What stalls delivery is rarely the math. It is the upstream data hygiene: multi-W-2 totals, RRTA-coded box 14 entries, the Schedule SE handoff, and the Part V withholding reconciliation. When any of those slip, the rest of the 1040 waits.
- Build a single intake worksheet that aggregates W-2 box 5 (Medicare wages) and box 6 (Medicare withheld) across every employer before any data enters line 1 or line 19
- Flag any W-2 with box 5 above $200,000 for senior reviewer attention, since the employer-side $200,000 withholding trigger does not align with the filer's $250,000 MFJ or $125,000 MFS threshold
- Pull Schedule SE Part I line 6 directly into a line 8 work paper, with a hard zero floor on any negative result so an SE loss never reduces wage-side surtax
- Isolate RRTA-coded box 14 amounts (Tier 1, Tier 2, RRTA Additional Medicare) before they reach lines 14 and 23, because non-RRTA box 14 entries (state tax, union dues, fringe codes) are out of scope for Form 8959
- Reconcile box 6 against line 21 (line 20 multiplied by 1.45%) before flowing line 24 to Form 1040 line 25c, so regular Medicare withholding never leaks into the Additional Medicare Tax withholding total
Accountably's tax delivery teams run Form 8959 review as part of the full 1040 packet, with documented intake checklists, SOC-2-aligned data handling, and a senior reviewer on every multi-W-2 or RRTA reconciliation. Our taxation services are built so the surtax never becomes the bottleneck for the rest of the return.
FAQs
What exactly triggers Form 8959?
You file when your Medicare wages, RRTA compensation, and net self‑employment income exceed your filing‑status threshold, or if any single W‑2 shows more than 200,000 in Medicare wages or RRTA compensation.

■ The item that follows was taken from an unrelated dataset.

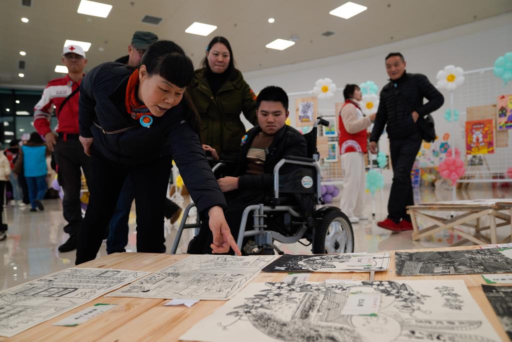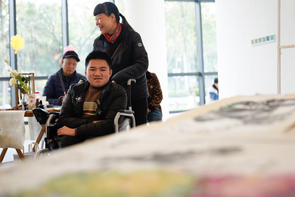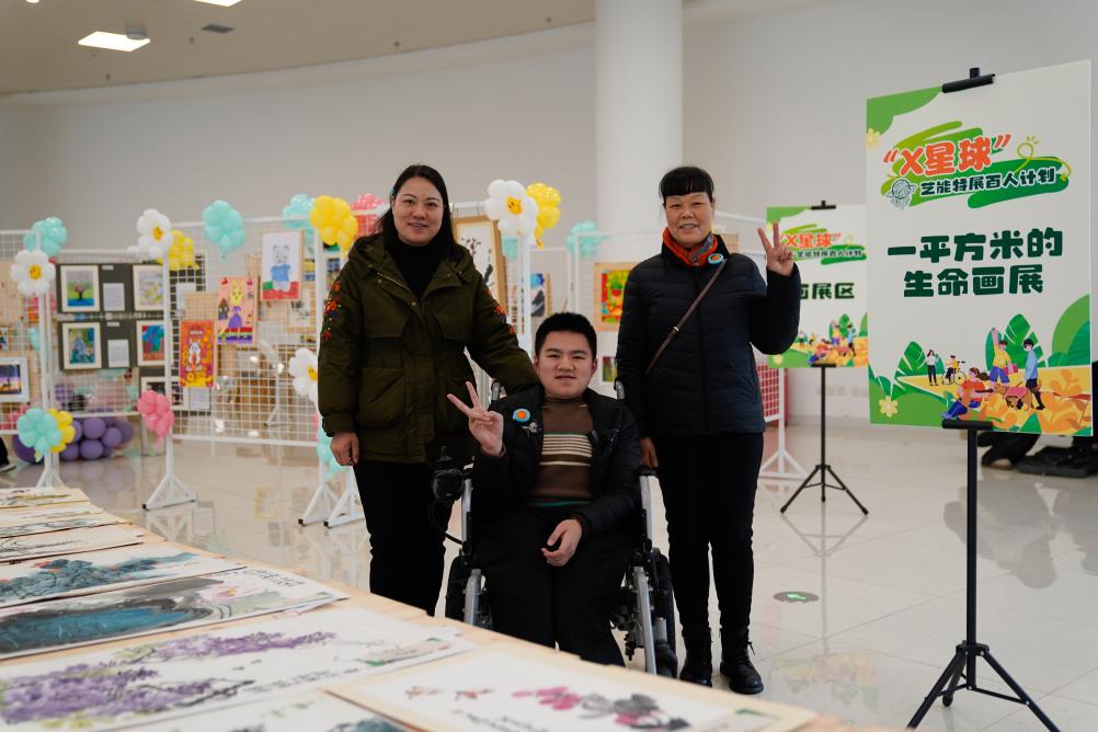 3月17日,在“X星球——艺能特展百人计划”活动上,胡星外婆(前左)检查作品标签牌。成骨不全症又称脆骨病

Where do I find the numbers on my W‑2?
Use box 5 for Medicare wages and tips. Use box 6 for Medicare tax withheld, which includes any Additional Medicare Tax. Some RRTA details appear in box 14, but box 14 is a free-form field employers use for many unrelated items (state tax, union dues, fringe benefits), so only RRTA-coded entries belong on Form 8959 lines 14 and 23.

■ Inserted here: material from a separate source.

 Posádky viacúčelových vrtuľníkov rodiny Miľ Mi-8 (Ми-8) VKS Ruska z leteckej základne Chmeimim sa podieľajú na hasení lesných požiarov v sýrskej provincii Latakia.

Do the thresholds change each year?
No. The IRS instructions state the thresholds are not indexed for inflation. They remain 200,000, 250,000, and 125,000, and the IRS’s 2025 Form page shows no recent changes.
How is this different from the 3.8% Net Investment Income Tax on Form 8960?
Form 8959 covers earned income over the threshold. Form 8960 covers net investment income when MAGI exceeds the same filing‑status thresholds. Many high earners have to file both, and they are computed separately.
Can I avoid a surprise bill in April?
Yes. If you expect to owe this surtax, ask payroll to increase income tax withholding on your Form W‑4, or make quarterly estimates. You cannot ask for a special Additional Medicare withholding amount.